About this Research Topic
Data science is the next frontier for data-driven decision making in domains such as ecommerce, healthcare, manufacturing, defense, government, and education. It is an interdisciplinary field that combines principles, concepts, and techniques in mathematics, statistics, computer science, and information science. One of the key goals in data science is to automatically extract meaningful insights and knowledge from structured, semi-structured, and unstructured data. To turn raw data into insights, several tasks need to be performed including data collection, data storage and retrieval, data wrangling, data analysis using statistical techniques and machine learning, and data visualization.
It is predicted that by 2024 there will be nearly 150 zettabytes of data. The data deluge continues to challenge us. Large amounts of data are produced on the Web (e.g., social media). Enterprise data lakes and electronic health record systems contain massive amounts of sensitive data of customers and patients. Sensors and Internet of Things (IoT) devices produce enormous amounts of data at a very high rate. As the price of whole genome sequencing continues to drop, healthcare systems will be faced with the challenge of managing massive amounts of genomic data in the near future. In recent years, machine learning (ML), deep learning (DL), and natural language processing (NLP) have become ubiquitous in commercial applications and services such as search, recommendation, image understanding, and speech recognition.

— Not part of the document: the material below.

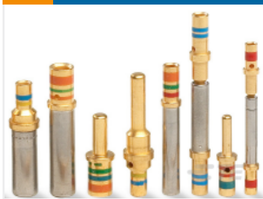
TE 产品编号 ZPF00000000001199 097-0014-16

However, the explosion in the volume of structured (e.g., relational databases), semi-structured (e.g., graphs), and unstructured data (e.g., web pages, images, videos) poses serious technical challenges for data science research and applications. The goal of this Research Topic is to focus on novel approaches and techniques including scalable algorithms, models, and systems for data science tasks on large, complex datasets.

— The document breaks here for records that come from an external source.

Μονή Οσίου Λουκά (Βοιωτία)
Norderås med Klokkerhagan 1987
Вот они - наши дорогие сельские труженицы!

The scope of this Research Topic includes theoretical advances, systems design, algorithmic contributions in data science. We seek high-quality contributions of the following types: Original Research, Methods, Technology and Code, and Data Report. Topics of interest include but are not limited to:
• Scalable approaches for data collection and data wrangling
• Scalable approaches for data storage and retrieval of structured/semi-structured, unstructured data
• Scalable ML/DL/NLP techniques for data science tasks
• Scalable data visualization techniques
Keywords: data storage, data wrangling, machine learning, data extraction, big data, genomic data, deep learning, natural language processing, structured data, scalable algorithms, semi-structured, unstructured
Important Note: All contributions to this Research Topic must be within the scope of the section and journal to which they are submitted, as defined in their mission statements. Frontiers reserves the right to guide an out-of-scope manuscript to a more suitable section or journal at any stage of peer review.